— Work request —
Below this line are records; transcribe exactly the lines between the one holding "Step into style" and the one holding "- Clear bins in a pantry", inclusive, and omit the pictures.

— Supplied material —
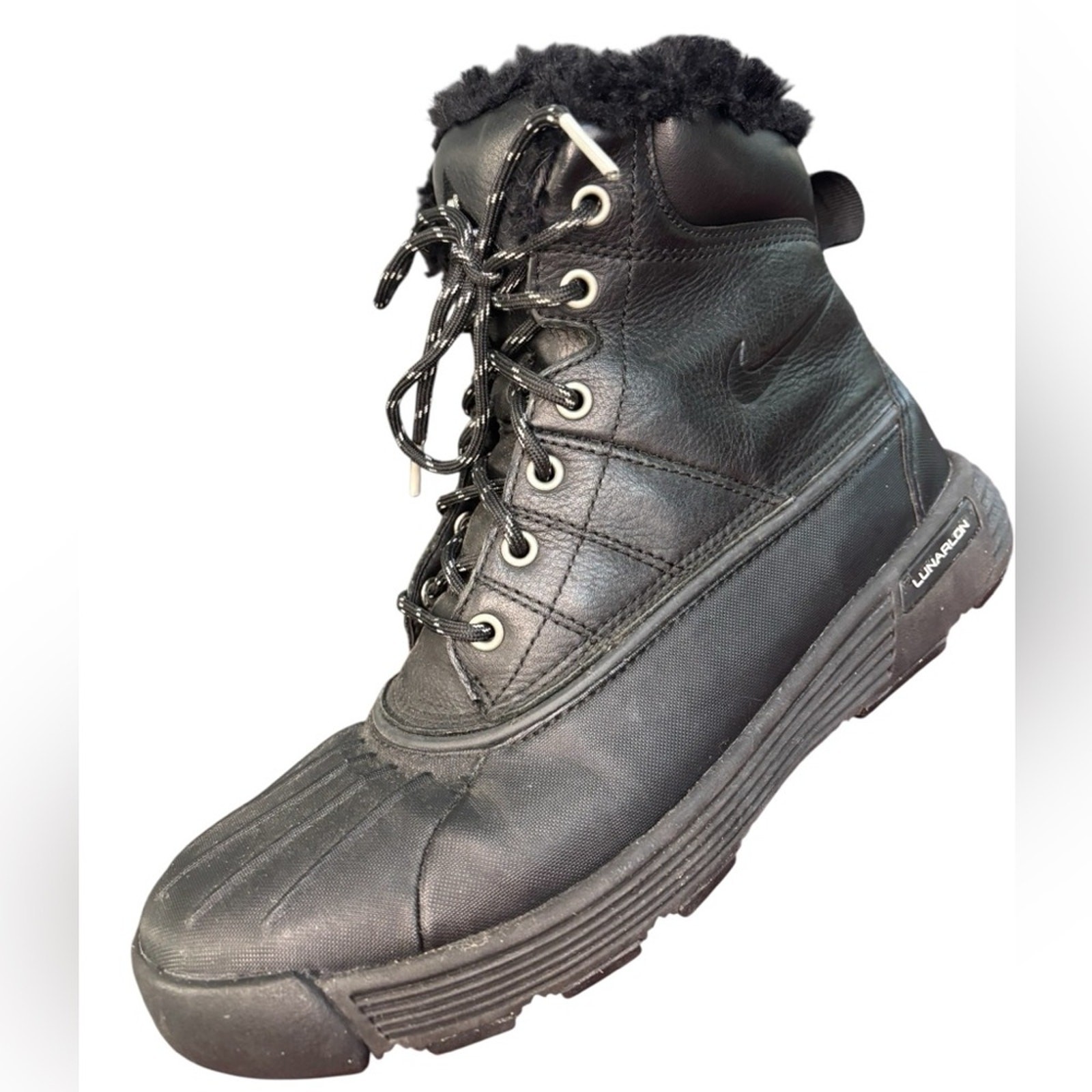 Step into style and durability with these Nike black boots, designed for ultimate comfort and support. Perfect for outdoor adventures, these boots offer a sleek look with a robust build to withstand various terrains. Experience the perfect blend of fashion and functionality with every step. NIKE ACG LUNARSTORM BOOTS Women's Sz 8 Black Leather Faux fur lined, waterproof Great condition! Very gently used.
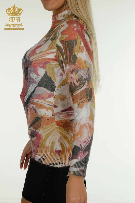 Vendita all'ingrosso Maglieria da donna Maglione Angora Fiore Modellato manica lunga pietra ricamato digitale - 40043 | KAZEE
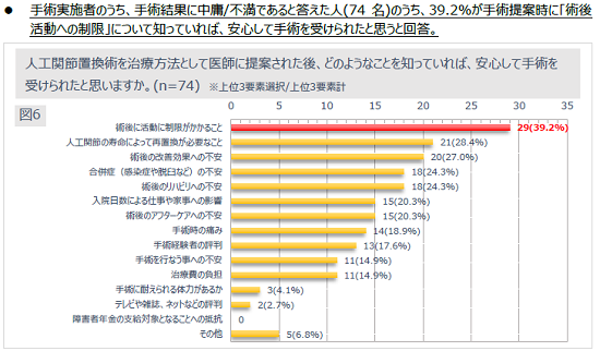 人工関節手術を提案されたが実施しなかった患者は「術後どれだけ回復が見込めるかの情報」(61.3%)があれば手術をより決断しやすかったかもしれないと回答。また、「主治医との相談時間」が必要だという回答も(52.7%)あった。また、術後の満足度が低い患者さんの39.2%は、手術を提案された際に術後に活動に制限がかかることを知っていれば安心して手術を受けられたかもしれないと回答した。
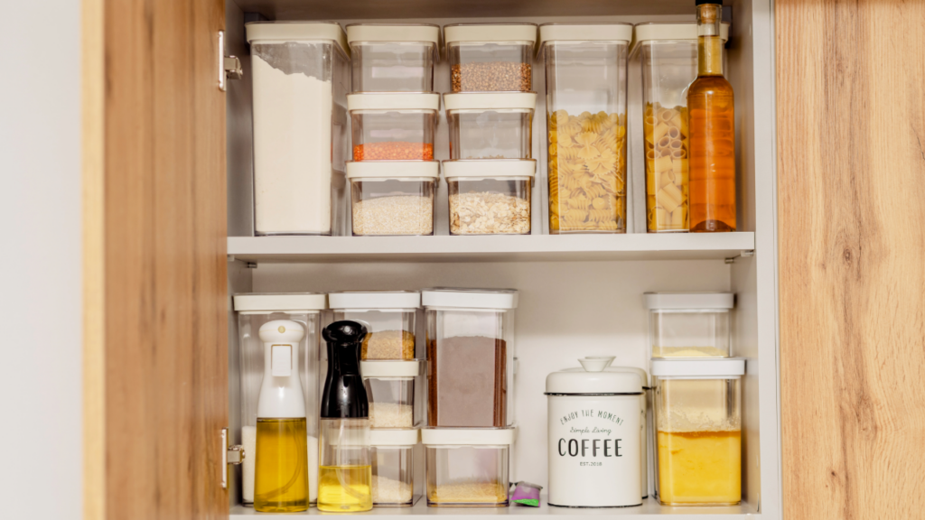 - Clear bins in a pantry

==

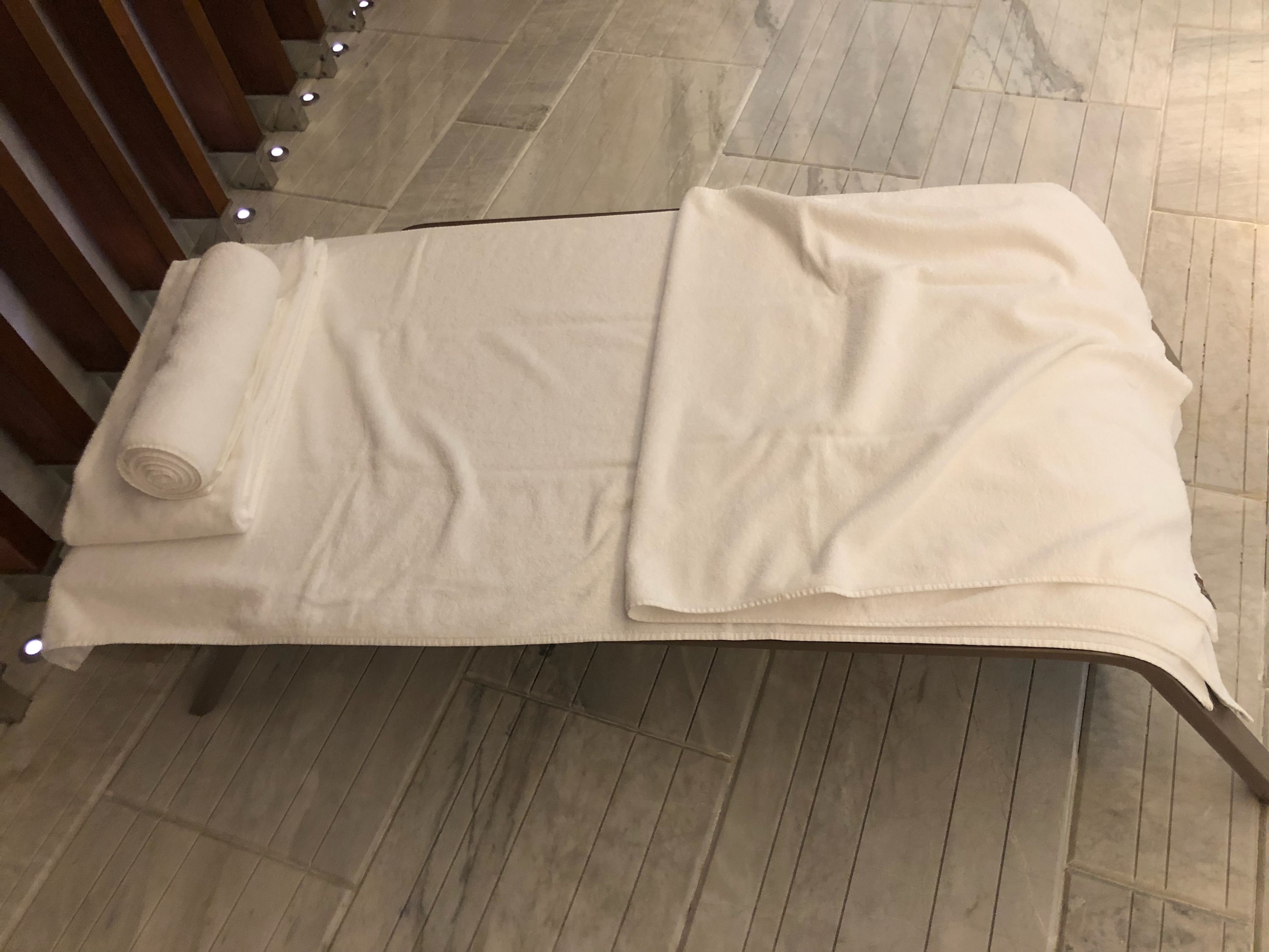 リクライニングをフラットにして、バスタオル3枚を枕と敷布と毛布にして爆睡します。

==

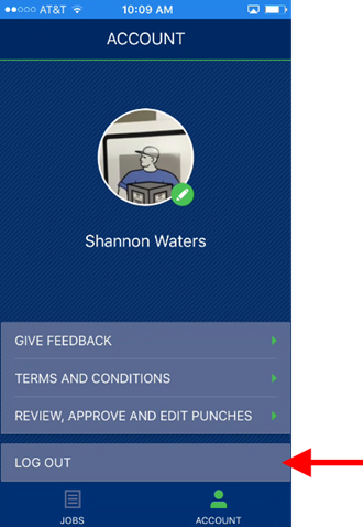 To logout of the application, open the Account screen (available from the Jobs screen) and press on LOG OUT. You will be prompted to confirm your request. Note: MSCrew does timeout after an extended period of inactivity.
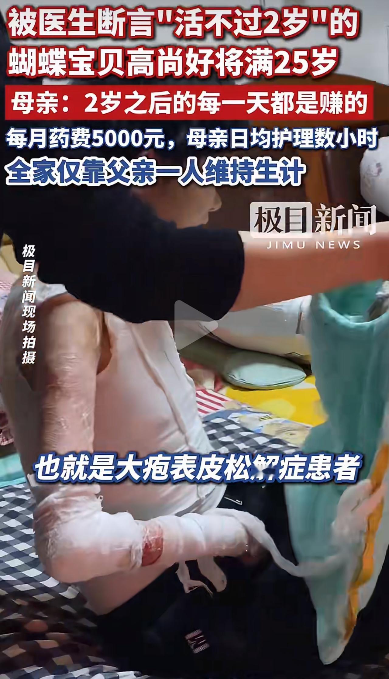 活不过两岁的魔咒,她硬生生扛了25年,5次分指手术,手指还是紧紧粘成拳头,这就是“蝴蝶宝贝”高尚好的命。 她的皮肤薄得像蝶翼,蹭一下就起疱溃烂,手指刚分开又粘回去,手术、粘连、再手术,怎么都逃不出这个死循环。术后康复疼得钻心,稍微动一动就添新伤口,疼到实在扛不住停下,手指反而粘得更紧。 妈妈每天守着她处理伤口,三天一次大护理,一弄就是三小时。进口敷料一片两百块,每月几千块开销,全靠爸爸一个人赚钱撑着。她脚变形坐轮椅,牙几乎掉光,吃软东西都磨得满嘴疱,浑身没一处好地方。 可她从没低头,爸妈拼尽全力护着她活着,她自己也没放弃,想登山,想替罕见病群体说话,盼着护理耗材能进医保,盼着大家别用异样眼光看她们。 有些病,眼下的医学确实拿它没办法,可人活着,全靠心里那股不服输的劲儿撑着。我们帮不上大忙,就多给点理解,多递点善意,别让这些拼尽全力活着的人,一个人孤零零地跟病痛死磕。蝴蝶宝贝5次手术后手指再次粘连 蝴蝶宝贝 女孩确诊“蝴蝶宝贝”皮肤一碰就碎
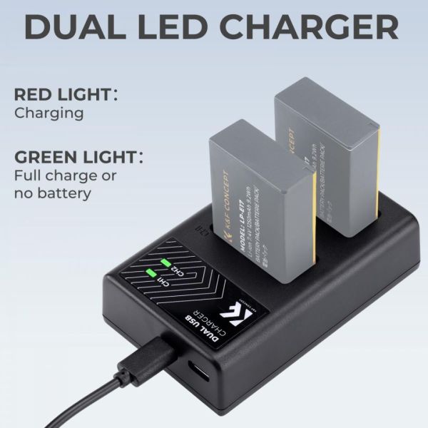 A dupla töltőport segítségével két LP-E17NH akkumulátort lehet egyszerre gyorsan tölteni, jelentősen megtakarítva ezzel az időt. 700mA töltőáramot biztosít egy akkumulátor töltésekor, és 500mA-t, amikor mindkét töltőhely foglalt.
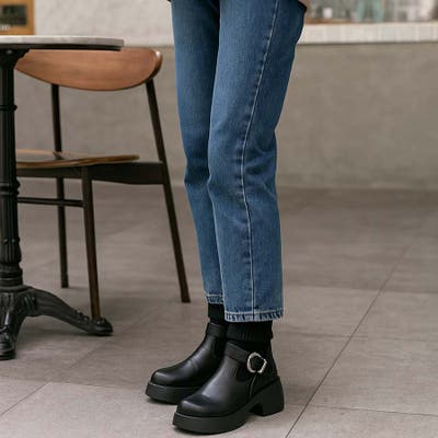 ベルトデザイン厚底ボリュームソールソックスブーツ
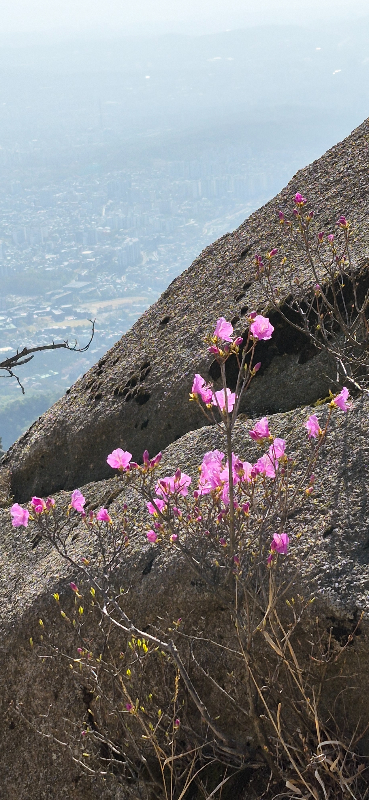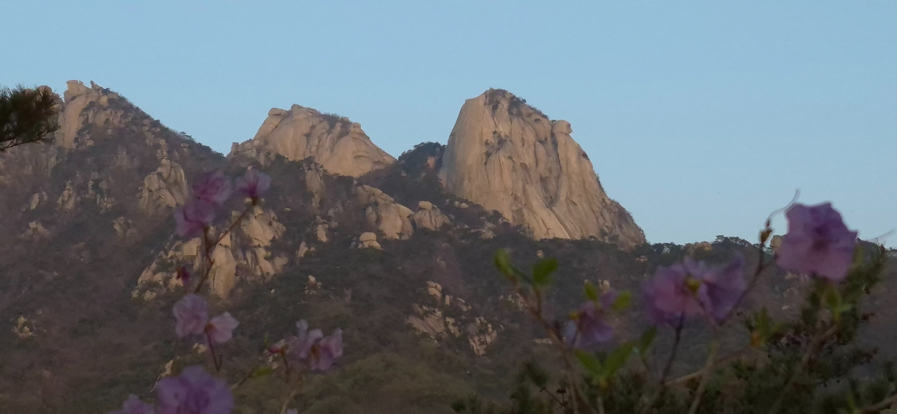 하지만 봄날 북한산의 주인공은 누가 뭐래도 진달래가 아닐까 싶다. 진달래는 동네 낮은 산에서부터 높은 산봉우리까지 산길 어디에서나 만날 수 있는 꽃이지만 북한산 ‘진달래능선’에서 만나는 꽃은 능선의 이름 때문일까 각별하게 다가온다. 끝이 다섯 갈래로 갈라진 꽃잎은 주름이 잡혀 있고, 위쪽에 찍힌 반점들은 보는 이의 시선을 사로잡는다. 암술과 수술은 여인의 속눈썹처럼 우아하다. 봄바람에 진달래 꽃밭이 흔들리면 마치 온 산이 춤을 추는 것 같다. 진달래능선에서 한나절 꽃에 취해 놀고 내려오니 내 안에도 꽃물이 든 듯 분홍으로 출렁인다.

— Reply —
 Step into style and durability with these Nike black boots, designed for ultimate comfort and support. Perfect for outdoor adventures, these boots offer a sleek look with a robust build to withstand various terrains. Experience the perfect blend of fashion and functionality with every step. NIKE ACG LUNARSTORM BOOTS Women's Sz 8 Black Leather Faux fur lined, waterproof Great condition! Very gently used.
 Vendita all'ingrosso Maglieria da donna Maglione Angora Fiore Modellato manica lunga pietra ricamato digitale - 40043 | KAZEE
 人工関節手術を提案されたが実施しなかった患者は「術後どれだけ回復が見込めるかの情報」(61.3%)があれば手術をより決断しやすかったかもしれないと回答。また、「主治医との相談時間」が必要だという回答も(52.7%)あった。また、術後の満足度が低い患者さんの39.2%は、手術を提案された際に術後に活動に制限がかかることを知っていれば安心して手術を受けられたかもしれないと回答した。
 - Clear bins in a pantry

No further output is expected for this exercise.